Command line 7Zip to extract file by specified result path
8,782
You can use the -so
option to write the data to stdout
and redirect to your target file:
Example:
7z e -so xxxx.7z > yyy.txt
The commandline help of version 9.22
beta:
7-Zip [64] 9.22 beta Copyright (c) 1999-2011 Igor Pavlov 2011-04-18
Usage: 7z <command> [<switches>...] <archive_name> [<file_names>...]
[<@listfiles...>]
<Commands>
a: Add files to archive
b: Benchmark
d: Delete files from archive
e: Extract files from archive (without using directory names)
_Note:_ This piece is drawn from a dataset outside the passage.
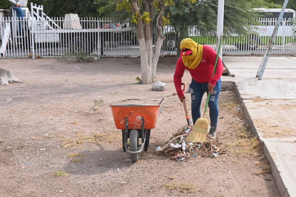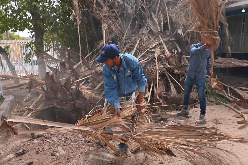 La Dirección de Servicios Públicos Municipales acudió la mañana de ayer a apoyar con labores de limpieza profunda en la escuela primaria La Esperanza, ubicada en la esquina de Francisco Villa y Forjadores, de la colonia Brittingham; donde además, realizaron la poda y el retiro de los residuos de una palma de más de 15 metros de alto, que se ubica al exterior del plantel.

l: List contents of archive
t: Test integrity of archive
u: Update files to archive
x: eXtract files with full paths
<Switches>
-ai[r[-|0]]{@listfile|!wildcard}: Include archives
-ax[r[-|0]]{@listfile|!wildcard}: eXclude archives
-bd: Disable percentage indicator
-i[r[-|0]]{@listfile|!wildcard}: Include filenames
-m{Parameters}: set compression Method
-o{Directory}: set Output directory
-p{Password}: set Password
-r[-|0]: Recurse subdirectories
-scs{UTF-8 | WIN | DOS}: set charset for list files
-sfx[{name}]: Create SFX archive
-si[{name}]: read data from stdin
-slt: show technical information for l (List) command
-so: write data to stdout
-ssc[-]: set sensitive case mode
-ssw: compress shared files
-t{Type}: Set type of archive
-u[-][p#][q#][r#][x#][y#][z#][!newArchiveName]: Update options
-v{Size}[b|k|m|g]: Create volumes
-w[{path}]: assign Work directory. Empty path means a temporary directory
-x[r[-|0]]]{@listfile|!wildcard}: eXclude filenames
-y: assume Yes on all queries
More recent alpha versions (9.30) also do not allow to specify a target filename as direct parameter without redirection.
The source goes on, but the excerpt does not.